Work to be completed
Below are entries. Give back exactly the lines from the one containing "Fractional RF Microneedle" through the one containing "The front of", inclusive, without the pictures.
==== Data supplied ====
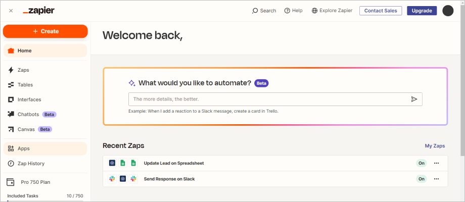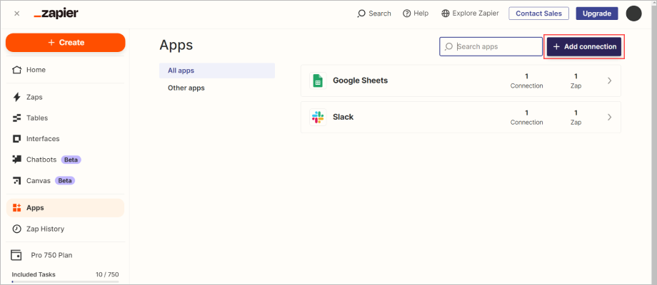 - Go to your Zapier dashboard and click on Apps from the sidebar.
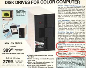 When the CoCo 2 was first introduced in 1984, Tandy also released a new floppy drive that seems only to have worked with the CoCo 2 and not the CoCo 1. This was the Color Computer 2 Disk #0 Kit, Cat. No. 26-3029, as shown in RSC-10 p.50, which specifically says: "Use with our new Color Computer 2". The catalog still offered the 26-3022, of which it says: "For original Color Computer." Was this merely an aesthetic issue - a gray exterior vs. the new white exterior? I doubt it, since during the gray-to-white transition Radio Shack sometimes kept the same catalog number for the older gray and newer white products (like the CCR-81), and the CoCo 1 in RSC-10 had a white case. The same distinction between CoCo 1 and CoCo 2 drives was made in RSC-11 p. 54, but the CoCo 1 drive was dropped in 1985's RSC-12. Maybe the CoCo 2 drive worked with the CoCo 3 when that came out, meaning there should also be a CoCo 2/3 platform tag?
====
==== Data supplied ====
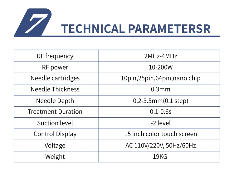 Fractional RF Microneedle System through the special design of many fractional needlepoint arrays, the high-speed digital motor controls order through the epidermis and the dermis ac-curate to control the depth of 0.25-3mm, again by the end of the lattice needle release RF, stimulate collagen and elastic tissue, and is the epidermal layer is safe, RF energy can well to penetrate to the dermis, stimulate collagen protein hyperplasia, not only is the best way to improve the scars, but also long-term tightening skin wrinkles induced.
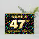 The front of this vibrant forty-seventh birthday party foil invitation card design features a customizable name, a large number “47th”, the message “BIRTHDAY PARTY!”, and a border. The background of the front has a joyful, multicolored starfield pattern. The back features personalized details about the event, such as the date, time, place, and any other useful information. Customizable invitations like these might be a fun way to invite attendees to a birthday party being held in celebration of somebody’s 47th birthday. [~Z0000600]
====
Task response
 Fractional RF Microneedle System through the special design of many fractional needlepoint arrays, the high-speed digital motor controls order through the epidermis and the dermis ac-curate to control the depth of 0.25-3mm, again by the end of the lattice needle release RF, stimulate collagen and elastic tissue, and is the epidermal layer is safe, RF energy can well to penetrate to the dermis, stimulate collagen protein hyperplasia, not only is the best way to improve the scars, but also long-term tightening skin wrinkles induced.
 The front of this vibrant forty-seventh birthday party foil invitation card design features a customizable name, a large number “47th”, the message “BIRTHDAY PARTY!”, and a border. The background of the front has a joyful, multicolored starfield pattern. The back features personalized details about the event, such as the date, time, place, and any other useful information. Customizable invitations like these might be a fun way to invite attendees to a birthday party being held in celebration of somebody’s 47th birthday. [~Z0000600]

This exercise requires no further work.